══ TASK INPUT ══
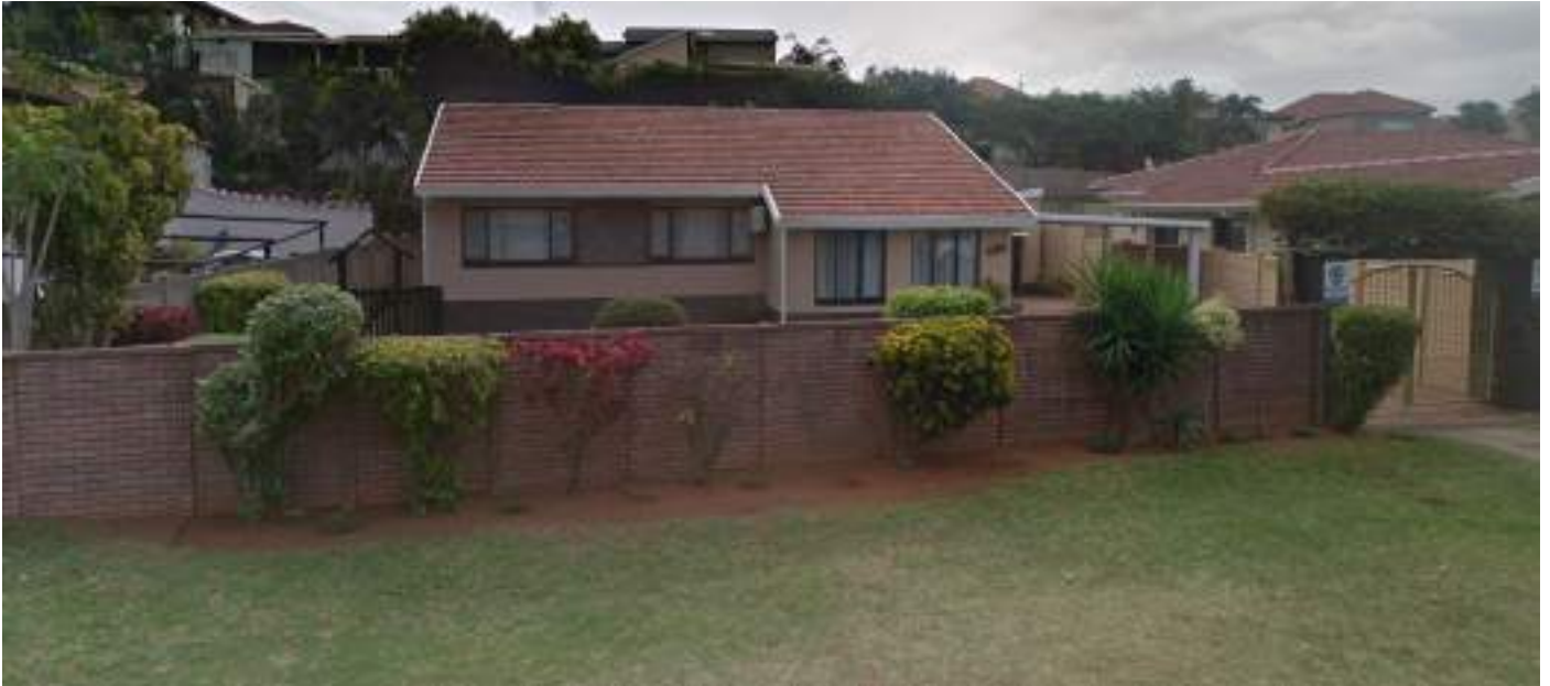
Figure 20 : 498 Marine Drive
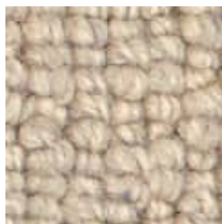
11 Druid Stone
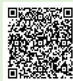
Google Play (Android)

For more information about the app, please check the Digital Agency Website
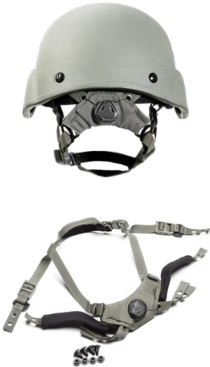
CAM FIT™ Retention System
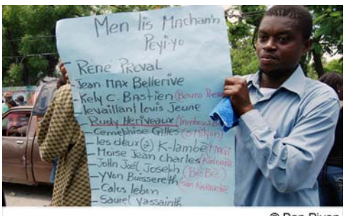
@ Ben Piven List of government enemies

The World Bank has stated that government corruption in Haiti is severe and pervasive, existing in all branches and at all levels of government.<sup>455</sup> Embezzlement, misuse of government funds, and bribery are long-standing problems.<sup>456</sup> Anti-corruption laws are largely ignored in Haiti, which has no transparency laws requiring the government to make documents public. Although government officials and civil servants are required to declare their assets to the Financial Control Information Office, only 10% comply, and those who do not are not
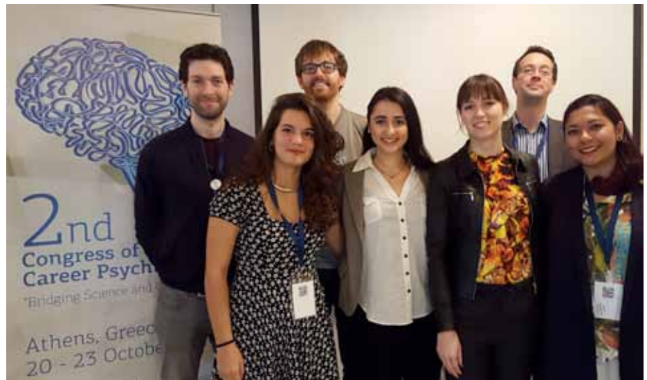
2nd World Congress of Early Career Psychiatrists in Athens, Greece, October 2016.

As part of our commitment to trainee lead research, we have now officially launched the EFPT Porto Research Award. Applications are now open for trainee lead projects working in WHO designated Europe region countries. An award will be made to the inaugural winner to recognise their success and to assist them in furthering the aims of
═══
# [WHAT THE EXERCISE ASKS]
Lines containing the word "World" must be found in the data above and copied.

# [RESULT]
The World Bank has stated that government corruption in Haiti is severe and pervasive, existing in all branches and at all levels of government.<sup>455</sup> Embezzlement, misuse of government funds, and bribery are long-standing problems.<sup>456</sup> Anti-corruption laws are largely ignored in Haiti, which has no transparency laws requiring the government to make documents public. Although government officials and civil servants are required to declare their assets to the Financial Control Information Office, only 10% comply, and those who do not are not
2nd World Congress of Early Career Psychiatrists in Athens, Greece, October 2016.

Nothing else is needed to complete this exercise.